Interested in learning about ways to re-create your marriage? Read The New I Do: Reshaping Marriage for Skeptics, Realists and Rebels (Seal Press). Order the book on Amazon, follow us on Twitter and like us on Facebook.

 


(polls)

4 Responses to “Rethinking the ‘problems of black marriage’”

  1. Shon Hyneman says:

    This is a thoughtful blog post. I do believe slavery still play a small part in the way African Amercian marriages behave. The biggest problem in the african amercian marriage today is the dysfunction we support from television to the music we listen to. We no longer have role models and we are taught not to share our personal problems with anyone else becuase the way people will view us. This applies from not talking to anyone in our church to seeking professional help.

  2. Deauna says:

    Thanks for writing this.
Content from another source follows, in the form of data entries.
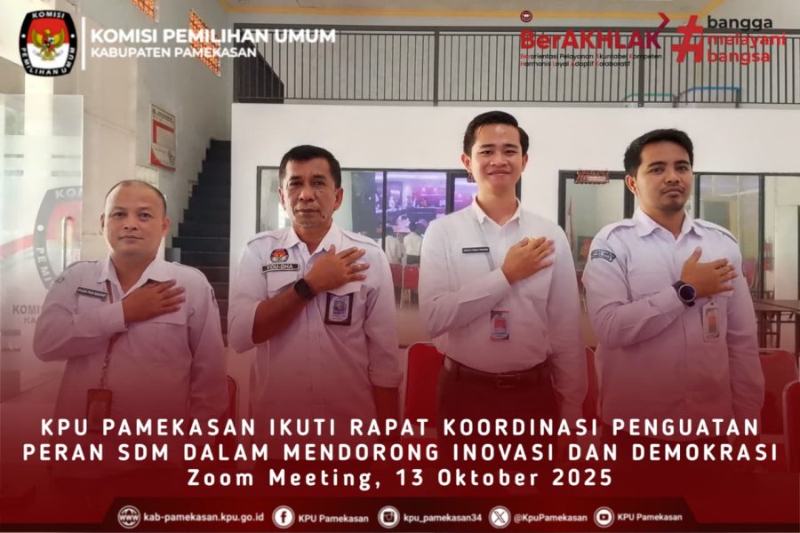 Pamekasan, 14 Oktober 2025 – Komisi Pemilihan Umum (KPU) Kabupaten Pamekasan kembali berpartisipasi dalam Hari Kedua Rapat Koordinasi (Rakor) Penguatan Peran Sumber Daya Manusia (SDM) dalam mendorong Inovasi dan Demokrasi. Kegiatan yang diselenggarakan secara daring ini memasuki sesi diskusi strategis dengan menghadirkan narasumber ahli, salah satunya dari Kementerian Pendayagunaan Aparatur Negara dan Reformasi Birokrasi (KemenPAN-RB). Pada sesi krusial hari kedua ini, Sekretariat KPU Pamekasan menyimak paparan penting dari Analisis Kebijakan Ahli Utama Kementerian PANRB, Dr. Muhammad Imanuddin. Dalam paparannya, Dr. Imanuddin menyoroti urgensi pengembangan kompetensi Aparatur Sipil Negara (ASN) di lingkungan Sekretariat Jenderal KPU sebagai kunci transformasi birokrasi dan peningkatan kualitas pelayanan publik. Secara khusus, beliau memaparkan tentang program BINTANG KPU (Bimbingan Teknis dan Pengembangan Kompetensi ASN KPU). Program ini, dipandang dari sisi Inovasi Pelayanan, ditekankan sebagai terobosan dalam memperkuat kapasitas SDM KPU agar mampu beradaptasi dengan dinamika kepemiluan modern. "Pengembangan kompetensi ASN melalui BINTANG KPU tidak hanya berfokus pada peningkatan teknis kepemiluan, tetapi juga diarahkan untuk menciptakan mindset inovatif dan adaptif dalam memberikan pelayanan publik. Inovasi pelayanan menjadi tolok ukur penting dalam tata kelola birokrasi pemerintahan yang efektif, efisien, dan responsif terhadap kebutuhan masyarakat," jelas Dr. Imanuddin. Lebih lanjut, ia menggarisbawahi bahwa tata kelola birokrasi pemerintahan di era digital menuntut KPU untuk terus berinovasi, khususnya dalam pengelolaan SDM. BINTANG KPU diharapkan menjadi wadah strategis untuk mencetak ASN yang tidak hanya profesional dan berintegritas, tetapi juga memiliki daya saing global serta mampu memanfaatkan teknologi untuk meningkatkan transparansi dan akuntabilitas penyelenggaraan pemilu. Partisipasi KPU Pamekasan dalam Rakor ini menegaskan komitmen dalam memperkuat peran SDM Sekretariat untuk mendorong inovasi. Hasil dari Rakor dua hari ini diharapkan dapat diimplementasikan dalam kebijakan internal KPU Pamekasan guna mewujudkan pelayanan kepemiluan yang semakin berkualitas dan demokratis.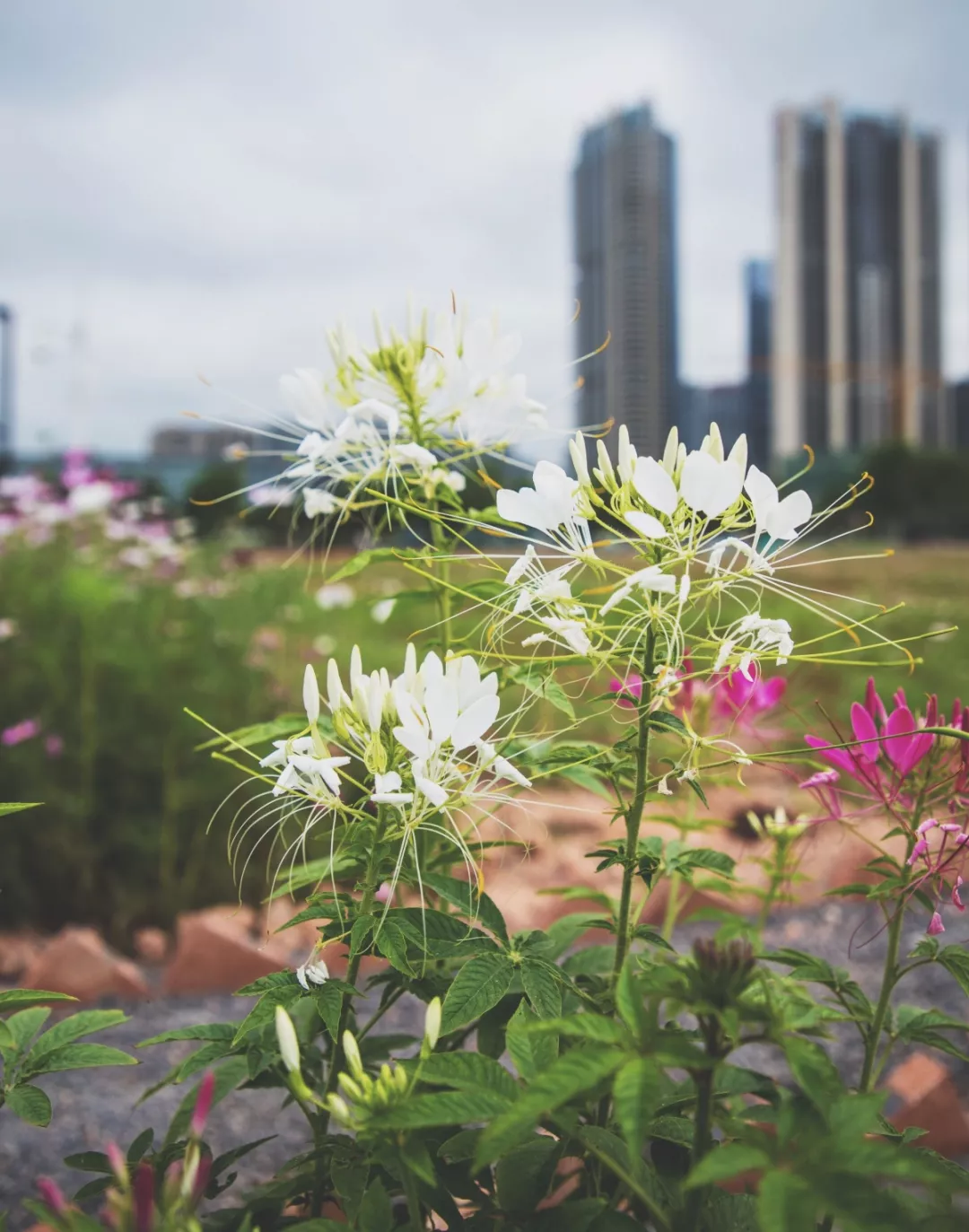 乍一看是不是有點(diǎn)像彼岸花?不過它倆卻算不上什么親戚。醉蝶花盛開時(shí),總狀花序形成一個(gè)豐滿的花球,朵朵小花猶如翩翩起舞的蝴蝶,靈動(dòng)迷人。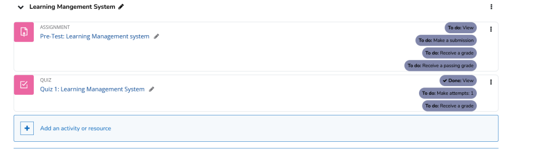 18. Akademi dapat melakukan tracking terhadap aktivitas peserta secara otomatis tanpa dapat dimanipulasi dengan mengatur activity completion pada setiap assignment, quiz, dan file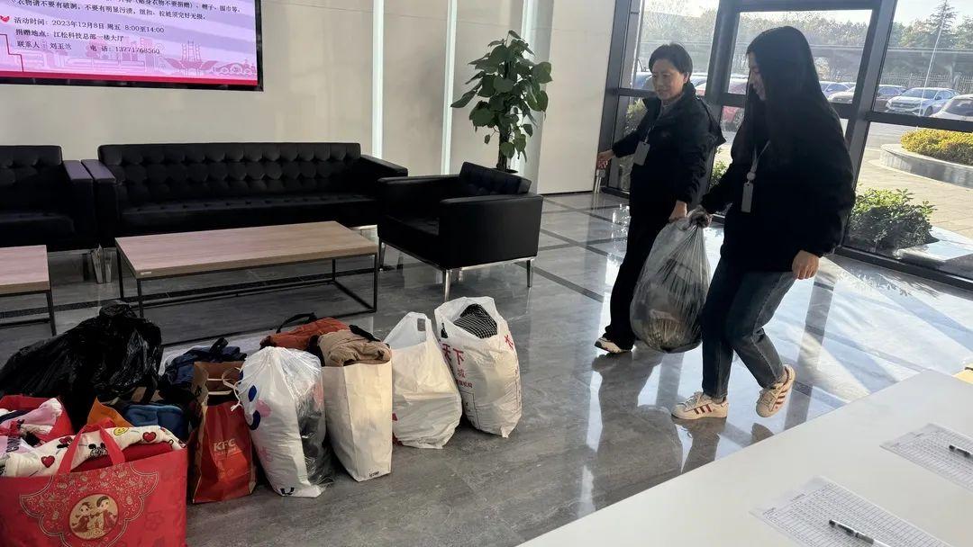 在活动筹备阶段,江松科技与硕放街道积极联系慈善机构和志愿者组织,了解贫困山区孩子们的需求和状况。为了帮助这些孩子度过寒冷的冬天,12月8号综合管理部在总部一楼大厅设立了爱心捐赠处,鼓励员工们积极参与这次活动,把家里闲置不穿的御寒衣物送给有需要的人。

It took us five years to get married and that was after having a candid conversation about how we wanted to frame the marriage in a way that worked for us. We’ve been together for eight years and still live on our own terms.

  3. James Wilson says:

    I responded to your article on Huffington post. But basically I suggested you research the Moynihan Report for 1965. The policies persued post the New Deal destroyed the black family not Slavery in 1915 a Black child had a 70% probability of beinf born into a two parent home, in 2015 the same child had a 70% chance of being born tp a single mother. These outcomes and the devastating impact to our. Communities were predicted and well documented. We nees to rethink our slavish devotion to some of these liberal ideologies especially around gender and sex politics. We played and proved to be a crucial ally in building the case for Gay marriage(a just and right fight) “after all black marriages fail at such a high rate” etc and “marriage isn’t about raising kids” its funny cause like every other minority group that uses Us to get their rights they bounce to the Suburbs and live “traditional” American lives gender roles included, I love it when the gender warriors turn around and heep praise on Ellen and her wonderful wife or other Gays who have traditional gender roles. Soon we black folks will be the only group still in dysfunctional relations, still fighting misandry while all the otger other groups move on.

    • OMGchronicles
      Twitter: OMGchronicles
      says:

      Thanks for commenting James. Moynihan knew money problems exacerbate the difficulties of marriage and child rearing, and I suggest reading this analysis of his report. But he also made it clear that the crisis of the black family was the result of having been “battered and harassed by discrimination, injustice and uprooting.” In 2013, the Urban Institute came out with a report demonstrating that the battering Moynihan mentioned continues today, and things have actually gotten worse:

      virtually all high-poverty neighborhoods (neighborhoods where more than 40 percent of the population is poor) are majority-minority, and blacks are over five times more likely than whites to live in high-poverty neighborhoods.4 Poor white households are much more geographically dispersed than poor black or Hispanic households. In fact, the average high-income black person lives in a neighborhood with a higher poverty rate than the average low-income white person.

      That is, of course, part of the problem. And a lack of good jobs. And affordable child care. And, well, I can go on and on.